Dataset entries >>
··········

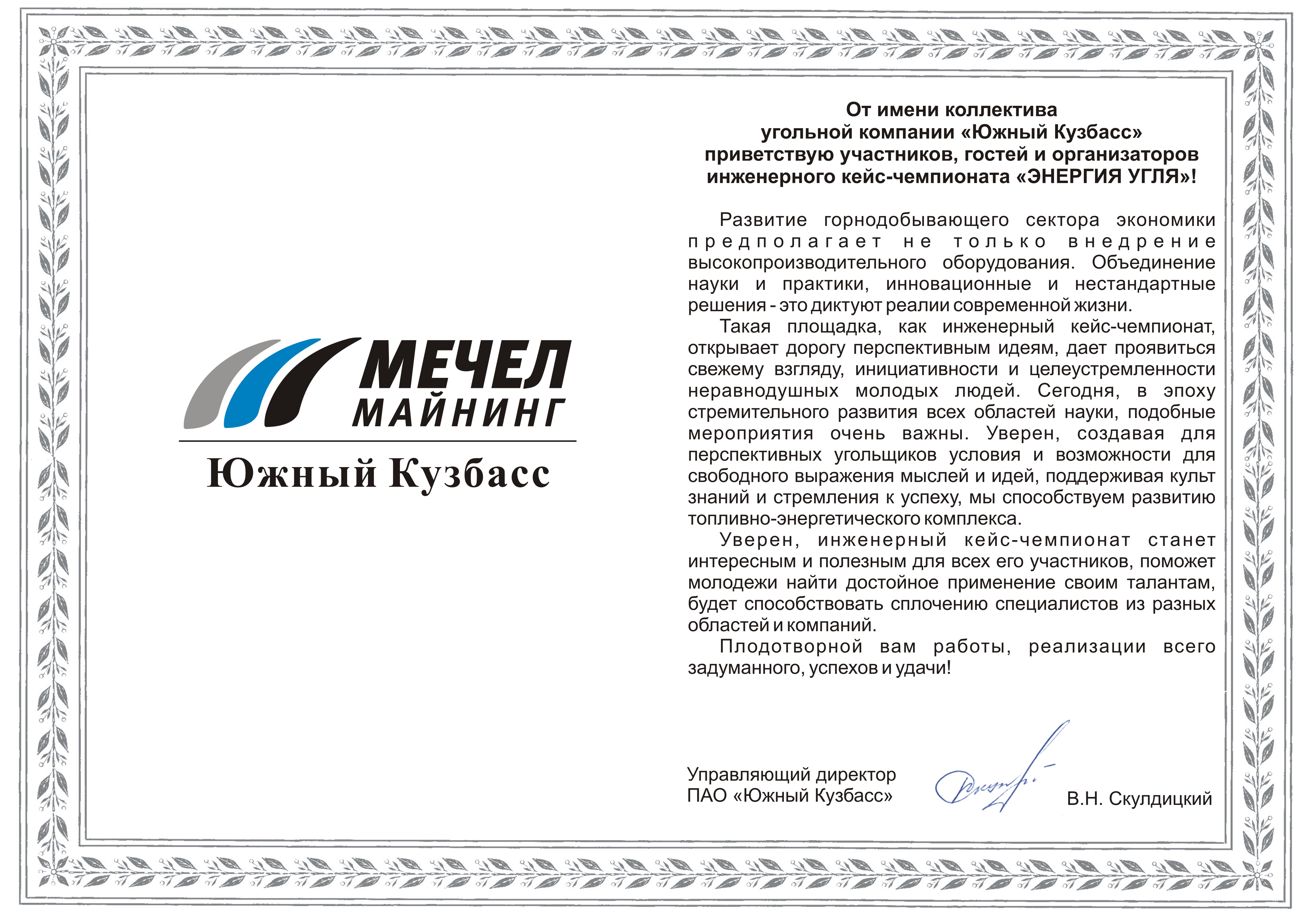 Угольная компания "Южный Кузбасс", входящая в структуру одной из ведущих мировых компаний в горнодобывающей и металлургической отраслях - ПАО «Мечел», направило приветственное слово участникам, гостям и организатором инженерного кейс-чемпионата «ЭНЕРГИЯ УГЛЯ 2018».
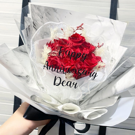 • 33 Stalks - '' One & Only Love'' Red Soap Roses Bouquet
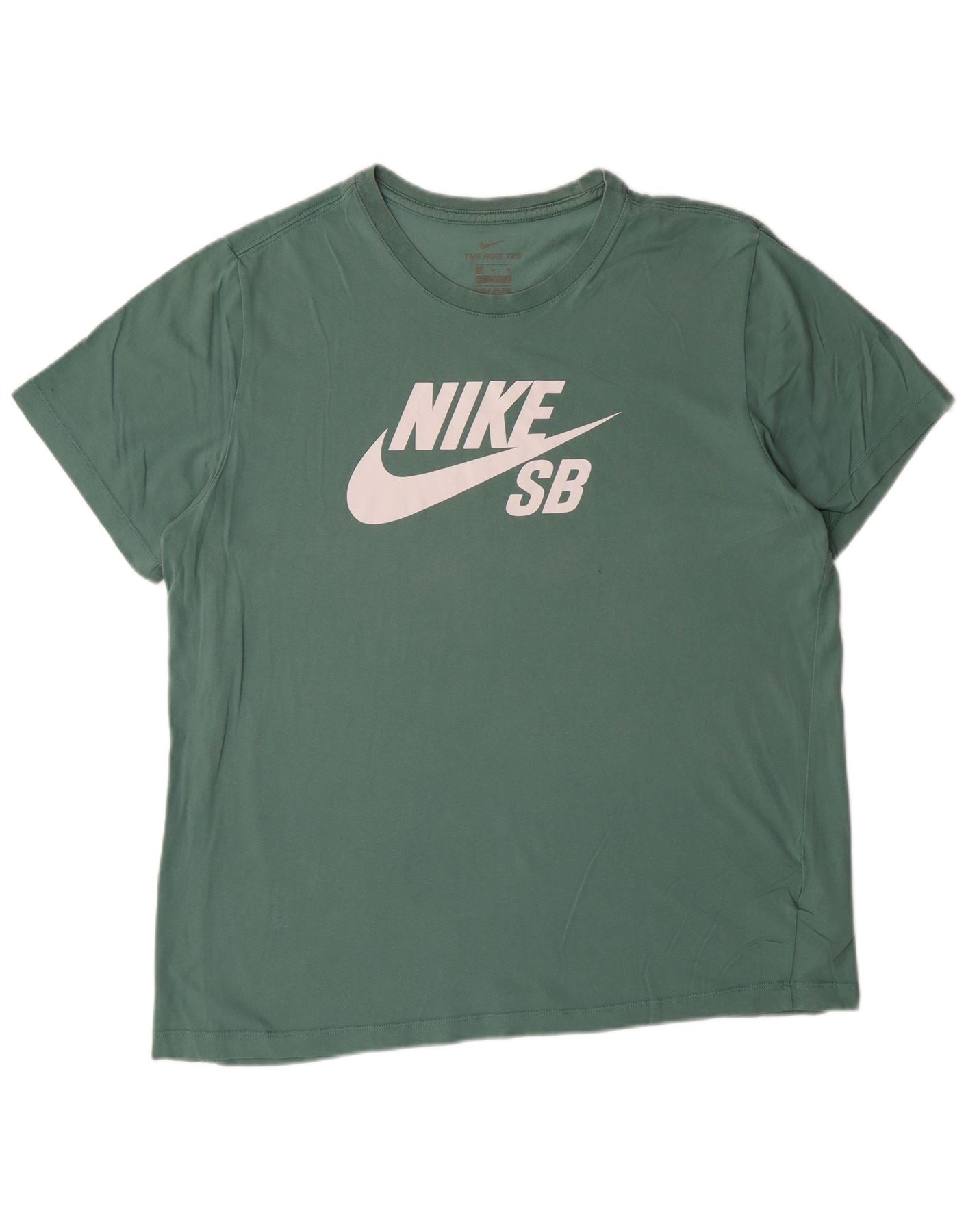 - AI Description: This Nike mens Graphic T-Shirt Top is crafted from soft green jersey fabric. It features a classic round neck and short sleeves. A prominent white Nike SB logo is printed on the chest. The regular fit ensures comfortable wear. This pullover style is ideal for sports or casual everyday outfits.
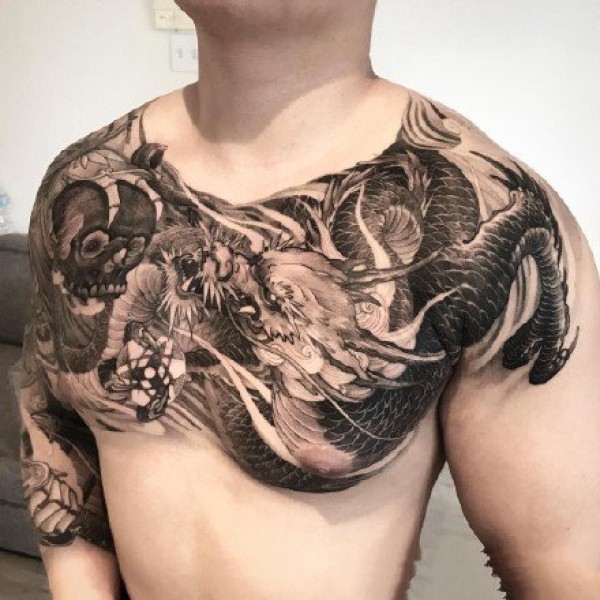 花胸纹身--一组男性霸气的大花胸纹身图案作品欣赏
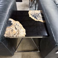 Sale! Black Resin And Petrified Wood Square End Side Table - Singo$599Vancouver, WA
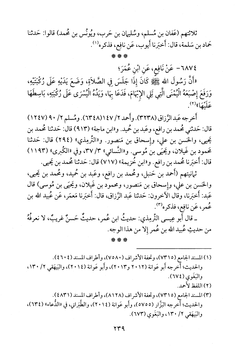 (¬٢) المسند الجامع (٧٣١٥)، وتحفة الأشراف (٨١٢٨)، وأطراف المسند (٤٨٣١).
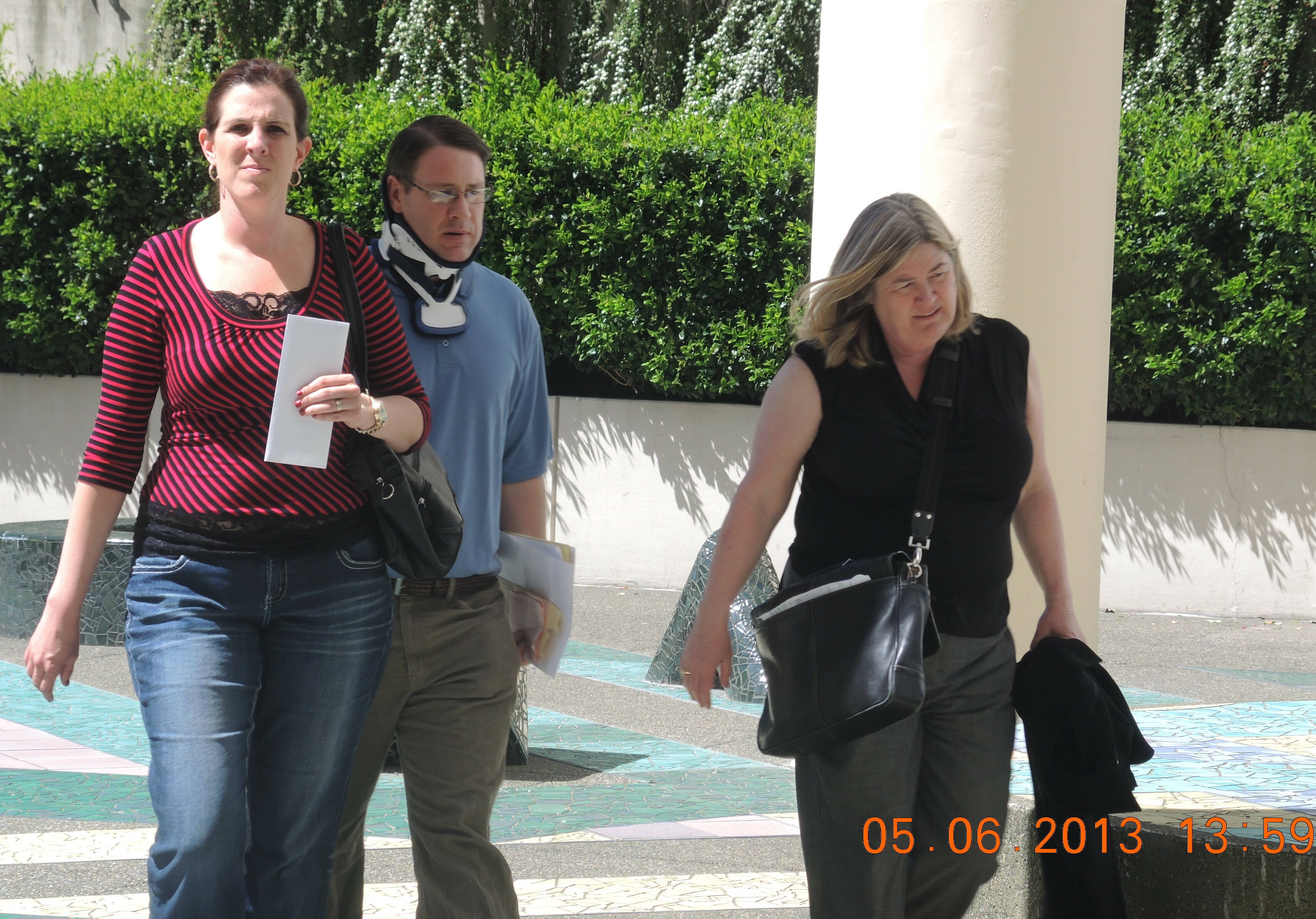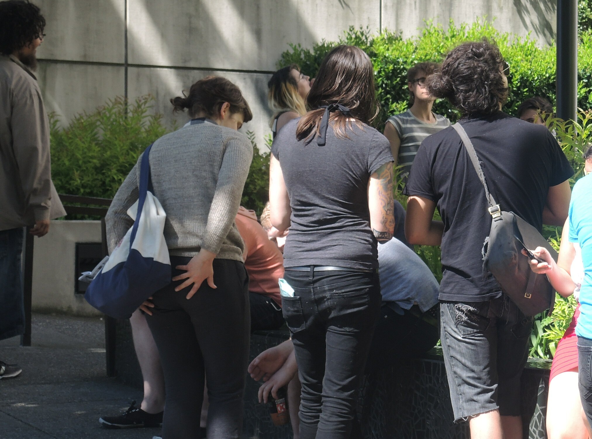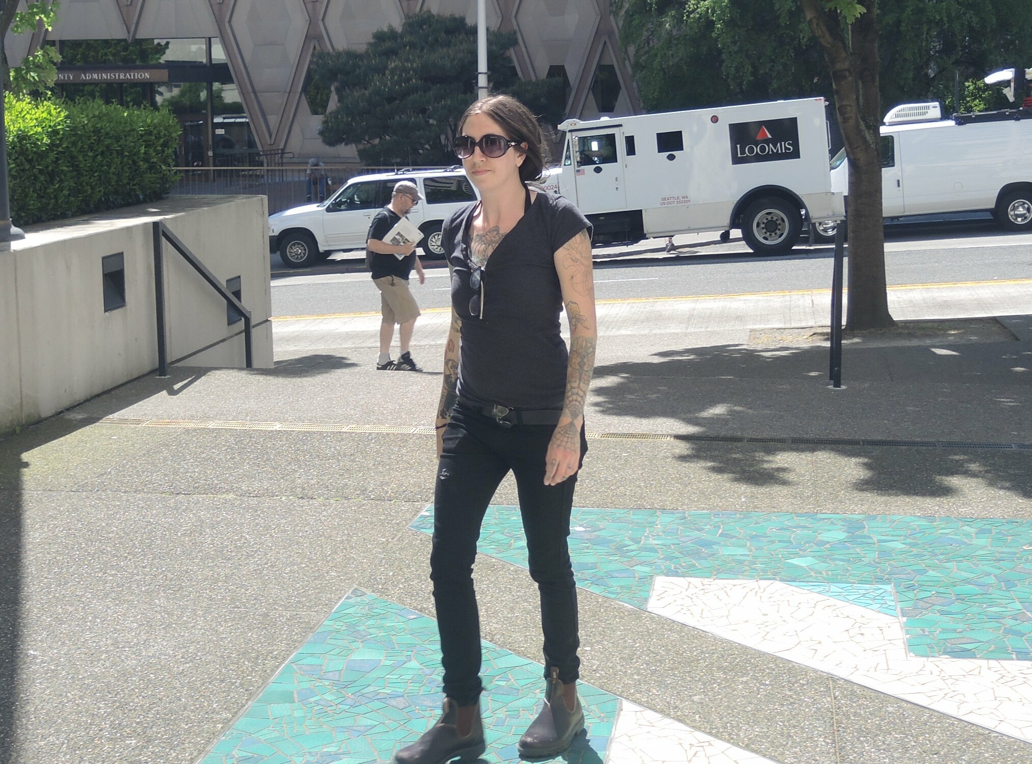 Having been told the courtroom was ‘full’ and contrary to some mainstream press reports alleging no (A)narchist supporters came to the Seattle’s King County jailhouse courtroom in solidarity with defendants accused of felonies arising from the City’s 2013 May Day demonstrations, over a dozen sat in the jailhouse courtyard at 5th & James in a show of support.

··········

Work required >> Set down the records above word for word, from the first line through the line containing "花胸纹身--一组男性霸气的大花胸纹身图案作品欣赏", both included; leave out the pictures.

Solution to the exercise >>
 Угольная компания "Южный Кузбасс", входящая в структуру одной из ведущих мировых компаний в горнодобывающей и металлургической отраслях - ПАО «Мечел», направило приветственное слово участникам, гостям и организатором инженерного кейс-чемпионата «ЭНЕРГИЯ УГЛЯ 2018».
 • 33 Stalks - '' One & Only Love'' Red Soap Roses Bouquet
 - AI Description: This Nike mens Graphic T-Shirt Top is crafted from soft green jersey fabric. It features a classic round neck and short sleeves. A prominent white Nike SB logo is printed on the chest. The regular fit ensures comfortable wear. This pullover style is ideal for sports or casual everyday outfits.
 花胸纹身--一组男性霸气的大花胸纹身图案作品欣赏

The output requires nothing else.